**Your instructions**
All records must be quoted exactly. Omit the pictures.

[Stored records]
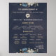 Guidez vos invités avec grâce et beauté à l'aide de cette enseigne de programme de cérémonie des Mariages Fleurs sauvages de la Marine, conçue pour correspondre à votre suite de mariages floraux romantiques. Placé sur un arrière - plan marin profond avec de l'ivoire doux et des fleurs sauvages bleus poussiéreux, ce tableau élégant ajoute une touche raffinée à votre espace de cérémonie. Avec les noms du couple, la date, le lieu, un plan détaillé de la cérémonie et la gamme complète de la fête de mariage, ce tableau aide les invités à suivre et à se sentir connecté à votre journée spéciale. La disposition propre et moderne associée à d'élégantes polices serif et manuscrites crée une esthétique intemporelle et chaleureuse. Parfait pour encadrer à l'entrée de votre cérémonie ou afficher sur un chevalet, ce panneau élimine le besoin de programmes imprimés tout en fournissant tous les détails importants dans le style. Customisez facilement le texte pour votre propre flux de cérémonie de mariage, les noms et les rôles. Caractéristiques clés : Options de taille pour convenir à votre espace de cérémonie (petit à grand poster) Coordonnées parfaitement avec suite de mariage fleur sauvage marine Personnalisable avec les noms de couple, date, lieu, détails de cérémonie et fête de mariage Combinaison élégante de polices sur un arrière - plan romantique bleu marine imprimé sur matériel de signalisation robuste, prêt à encadrer ou à monter Utilisations suggérées : Espace de bienvenue ou entrée couloir Cadre pour tablette ou chette affichage de l'image Signal digne d'une photo qui sert de support de conservation Éco-conscient alternative aux cartes de programme individuelles #programme de mariage #marionnettiste #décoration de mariage #floralsignage #cérémonie
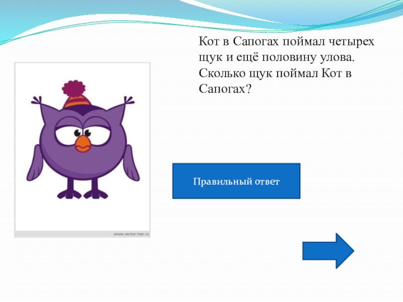 Кот в Сапогах поймал четырех щук и ещё половину улова. Сколько щук поймал Кот в Сапогах?
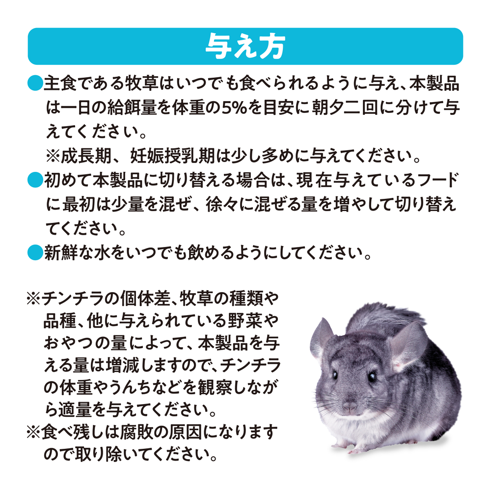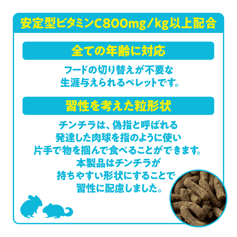 【RNAヌクレオチド配合】:母乳にも含まれる成分で、チンチラの健康をサポートし免疫力を維持。
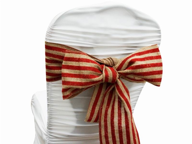 5pc x Stripe Rustic Burlap Chair Sash – Natural Tone w Red
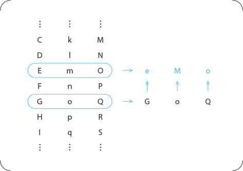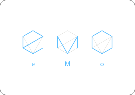 当グループの主力商品「GoQSystem」の商品より「G」「o」「Q」それぞれの上位2文字目を抜き出した「e」「M」「o」により構成されており、より高い視点から各グループ会社をよく見渡せる存在でありたいという思いを表しています。また「e」「M」「o」の文字で構成されたマークは、六角形のハニカム構造を象っており、各グループ会社をしたから安定して支える存在でありたいおいう想いを体現しています。

**Exercise response**
 Guidez vos invités avec grâce et beauté à l'aide de cette enseigne de programme de cérémonie des Mariages Fleurs sauvages de la Marine, conçue pour correspondre à votre suite de mariages floraux romantiques. Placé sur un arrière - plan marin profond avec de l'ivoire doux et des fleurs sauvages bleus poussiéreux, ce tableau élégant ajoute une touche raffinée à votre espace de cérémonie. Avec les noms du couple, la date, le lieu, un plan détaillé de la cérémonie et la gamme complète de la fête de mariage, ce tableau aide les invités à suivre et à se sentir connecté à votre journée spéciale. La disposition propre et moderne associée à d'élégantes polices serif et manuscrites crée une esthétique intemporelle et chaleureuse. Parfait pour encadrer à l'entrée de votre cérémonie ou afficher sur un chevalet, ce panneau élimine le besoin de programmes imprimés tout en fournissant tous les détails importants dans le style. Customisez facilement le texte pour votre propre flux de cérémonie de mariage, les noms et les rôles. Caractéristiques clés : Options de taille pour convenir à votre espace de cérémonie (petit à grand poster) Coordonnées parfaitement avec suite de mariage fleur sauvage marine Personnalisable avec les noms de couple, date, lieu, détails de cérémonie et fête de mariage Combinaison élégante de polices sur un arrière - plan romantique bleu marine imprimé sur matériel de signalisation robuste, prêt à encadrer ou à monter Utilisations suggérées : Espace de bienvenue ou entrée couloir Cadre pour tablette ou chette affichage de l'image Signal digne d'une photo qui sert de support de conservation Éco-conscient alternative aux cartes de programme individuelles #programme de mariage #marionnettiste #décoration de mariage #floralsignage #cérémonie
 Кот в Сапогах поймал четырех щук и ещё половину улова. Сколько щук поймал Кот в Сапогах?
 【RNAヌクレオチド配合】:母乳にも含まれる成分で、チンチラの健康をサポートし免疫力を維持。
 5pc x Stripe Rustic Burlap Chair Sash – Natural Tone w Red
 当グループの主力商品「GoQSystem」の商品より「G」「o」「Q」それぞれの上位2文字目を抜き出した「e」「M」「o」により構成されており、より高い視点から各グループ会社をよく見渡せる存在でありたいという思いを表しています。また「e」「M」「o」の文字で構成されたマークは、六角形のハニカム構造を象っており、各グループ会社をしたから安定して支える存在でありたいおいう想いを体現しています。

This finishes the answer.